On 04/01/2016 12:19 AM, Lee Clagett wrote:
On Thu, 31 Mar 2016 23:02:05 +0200 Daniel Hofmann
wrote: Suppose I want to parse a list of ";"-separated floating point pairs with "," being the pair separator as in "1,2;3,4". Following this list comes a string literal representing a file extension, such as ".txt".
Therefore what I want to successfully parse input like the following:
1,2;3,4.txt
(For the record, the input could also be 1.1,2.2;3.3,4.4.txt)
The parser I came up with is the 1:1 translation of above's description into the Spirit DSL and shows Spirit's expressive power:
((double_ % ",") % ";") >> ".txt"
Unfortunately, the parser fails on the input with the integral values above.

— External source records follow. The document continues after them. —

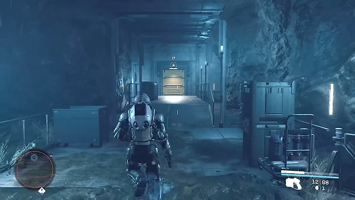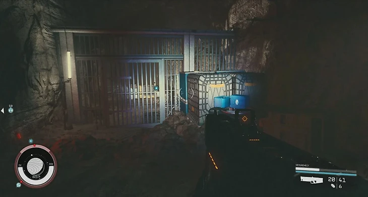Внутри базы двигайтесь вперед, убивая врагов, пока не упретесь в решетчатую дверь, которую можно либо взломать, либо перепрыгнуть, используя ящики справа.
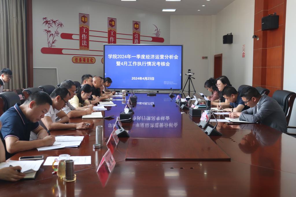 4月25日上午,学院在中会议室召开 2024年一季度经济运营分析会暨4月重点工作执行情况考核会,认真总结学院一季度经济运营总体情况、工作成效,并安排部署二季度工作重点。学院领导班子成员及各部门负责人参加会议。
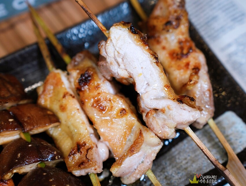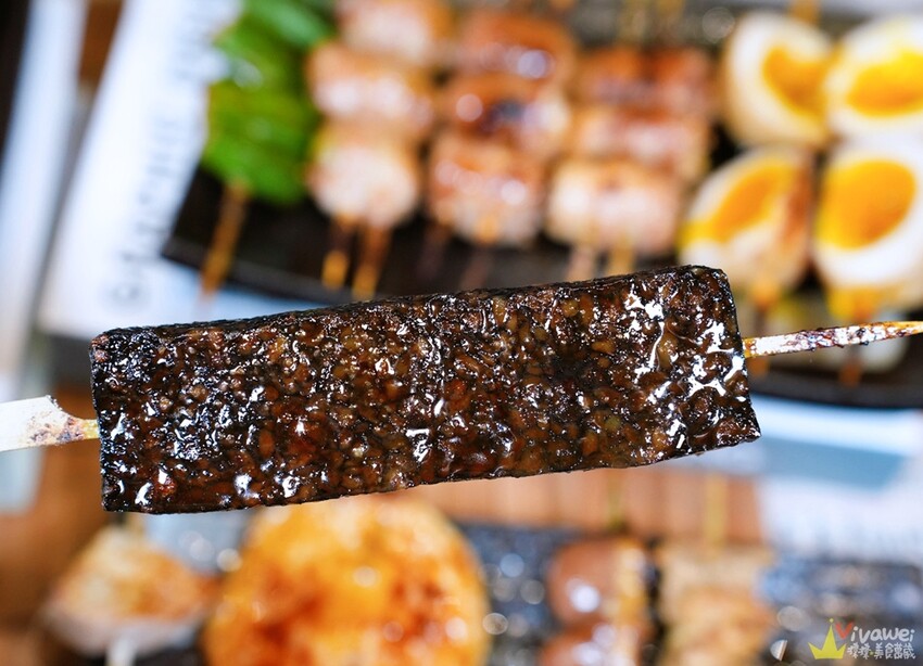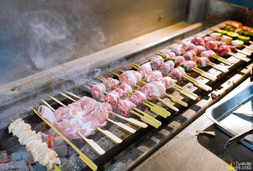 ▲串燒食材不油炸不鹽漬,使用純炭火燒烤,烤得恰到好處!在燒烤的過程某些食材會加上店家特製的醬料,反覆翻面並吸附醬汁,讓串燒可以夠味又好吃!
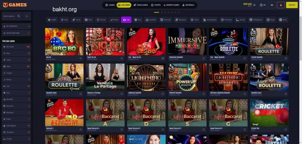 انواع بازی انفجار، بازی اسلات، بازی با تاس، رولت، بازی باکارات، بلک جک و بازی پوکر در این سایت در دسترس است.
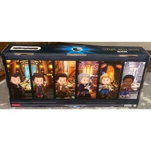 You are purchasing a Fisher-Price Little People Doctor Who TV Series BBC Collector Set. It celebrates 60 years of time and space with this special edition set. Fans from across the Whoniverse can celebrate their love for the heroic Time Lord with this set. It features 6 Little People figures styled like different incarnations of the Doctor. From exploring the universe with various companions to defeating Daleks, Cybermen and other terrifying foes with the help of their Tardis and sonic screwdriver, the Doctor has been delighting fans for generations. This set includes 6 for generations of the traveling Time Lord including the Nineth, Tenth, Eleventh, Twelfth, Thirteenth, and Fifteenth Doctor. This Fisher-Price Doctor Who collector set is brand new sealed in the original box. It comes from a non-smoking home.
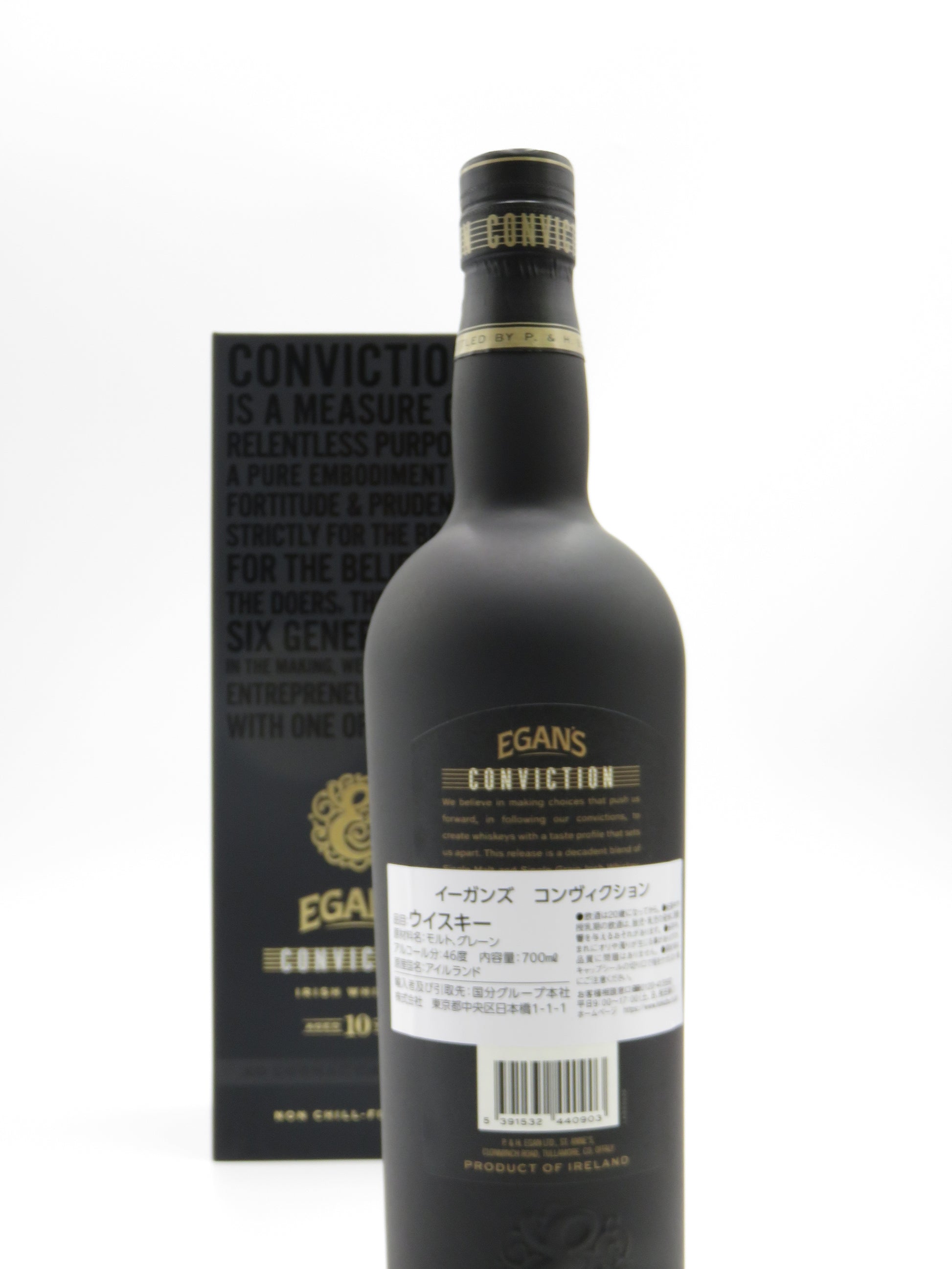 「イーガンズ 10年 コンヴィクション」は、アイルランドの伝統を受け継ぐイーガンズ社がリリースするシングルモルトウイスキーです。バーボン樽とポートワイン樽で熟成を経ることで、華やかさと深みを併せ持つ味わいが特徴となっています。
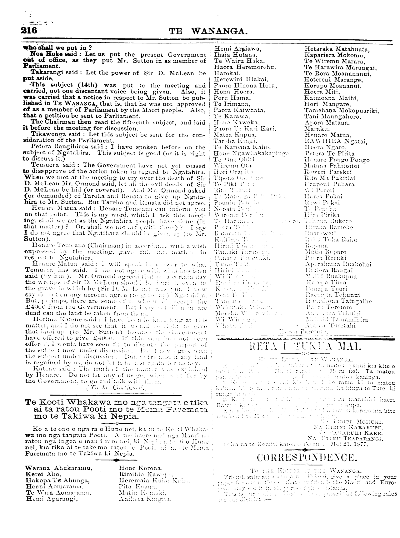 Hatepe. Wairoa. Aperira, 28, 1877.
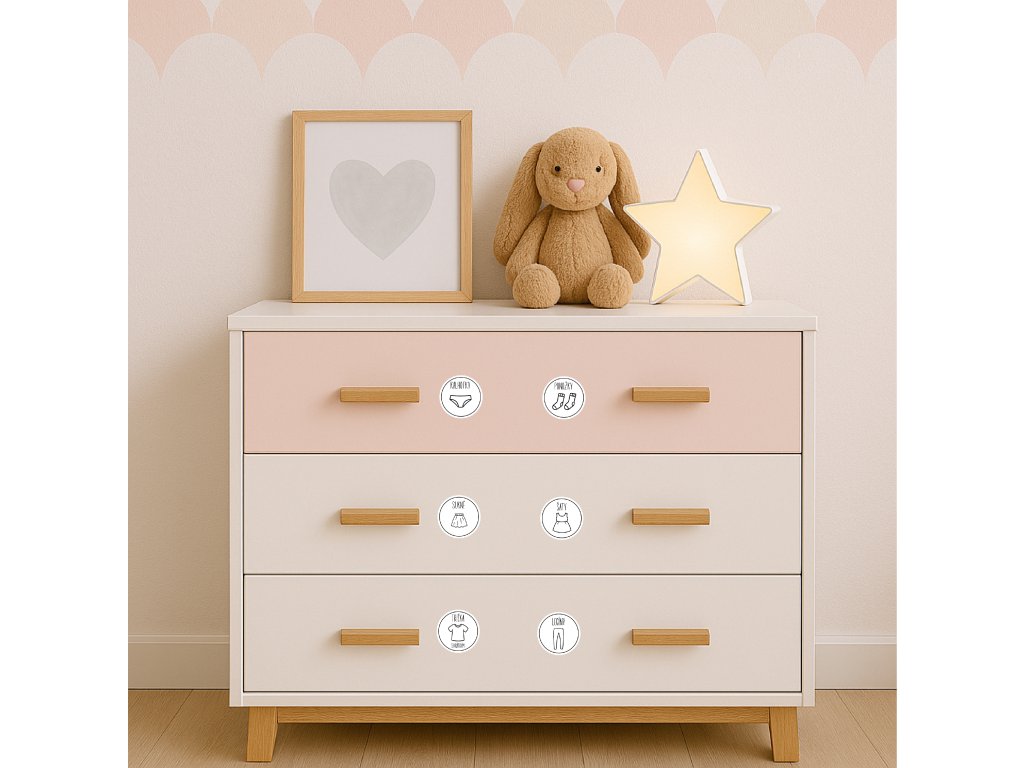 Díky samolepkám se bude vaše dítě lépe orientovat ve svém oblečení a bude tak schopné se o sebe samo postarat. Dopřejte vaší holčičce radost ze samostatnosti, když si sama zvládne nachystat oblečení.
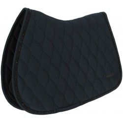 L’intérieur du tapis est doté d’un revêtement gaufré, favorisant la respirabilité et une meilleure évacuation de l’humidité. Les passages de sangle assurent un positionnement précis et évitent les mouvements indésirables sous la selle. Pour un ensemble harmonieux, ce tapis peut être parfaitement assorti au bonnet de cheval Pearl.
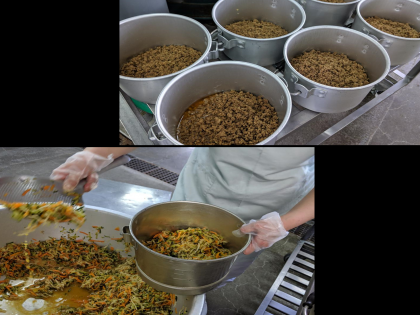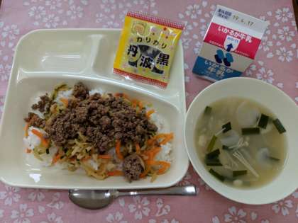 ビビンバも給食で人気のメニューです。野菜のナムル(今日はにんじん、きゅうり、切り干しだいこんです)と、ひき肉を別々に調理し、ごはんの上にのせてまぜて食べます。1年生もおいしかったようで、おかわりをしすぎて食べきれなくなってしまった人もいました。
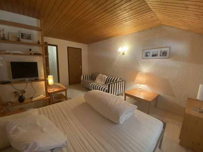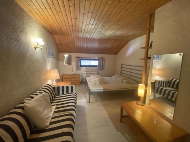 A l’étage, un second coin-montagne avec également deux lots simples superposés, une grande chambre confortable avec canapé et lit double, et une salle d’eau avec WC complètent l’espace.
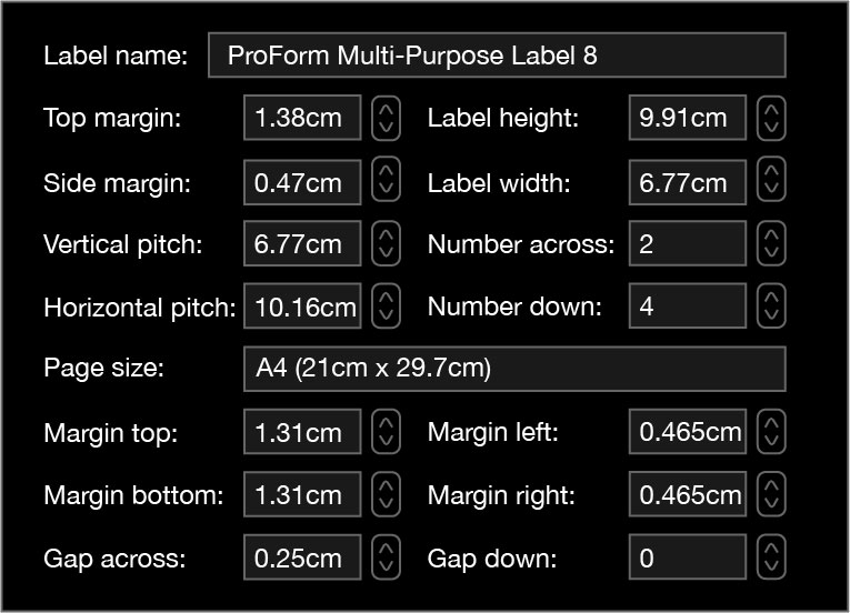 8 Labels – 59152proform2024-07-01T17:32:28+00:00 Self-Adhesive Multi-Purpose Labels8 Labels – Item No. 591520Labels Per SheetFor Home, School and Office UseCompatible with Leading Software Packages25 Pages of Adhesive Labels 8 Labels per Page – 200 Labels Includes Test SheetLabel Height: 6.77 cm Label Width: 9.90 cm Downloads for Item No. 59152DownloadsDownload Template for Microsoft WordDownload PDF Test SheetFor use with all Inkjet, Laser Printers and Copiers View Full Label Layout Settings× Share This, Choose Your Platform! FacebookXRedditLinkedInWhatsAppTelegramTumblrPinterestVkXingEmail
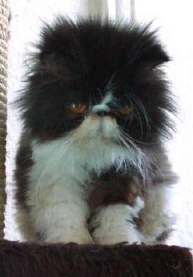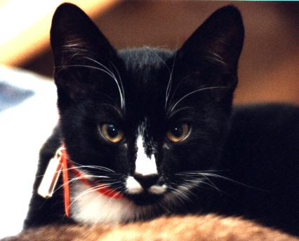 Das war Momo. Unser "Oldie" wurde immerhin stolze 19 Jahre alt. Momo schläft nun seit 1.Juni 1999 am Fuße der Regenbogenbrücke. Er verstand es brillant, in der letzten Zeit seine Position als Nestor gegenüber sowohl uns als auch gegenüber seinen "KollegInnen" auszunutzen und genoss somit rundherum 'ne Menge Sonderrechte. Momo war sehr liebesbedürftig, schnell eifersüchtig und bettelte stets um Leckerbissen. (und er bekam sie auch - manchmal mit ( wenn man Menschengesetze zugrunde legt ) nicht ganz legalen Mitteln!!!. Für Spielereien und zwangloses Herumtoben waren in unserem Hause andere als Momo verantwortlich. Na gut: dafür war er eben auch Rentner und wünschte als solcher behandelt zu werden! |

Why? Because the fundamental parser for double_ greedily matches on the "4." in "4.txt". Changing the "4" to "4.0" as in
1,2;3,4.0.txt
parses successfully (but is not an option as it requires the user to always add a trailing ".0" in case the last digit is integral.
I read about Spirit's DSL mapping to Parsing Expression Grammar (PEG) with the choice operator | being evaluated in order. So the next logical step for me was to try making use of it and adapting the parser:
(((int_ | double_) % ",") % ";") >> ".txt"
which works on
1,2;3,4.txt
but no longer on
1,2;3,4.0.txt
Is there a way to adapt the parser to handle both cases?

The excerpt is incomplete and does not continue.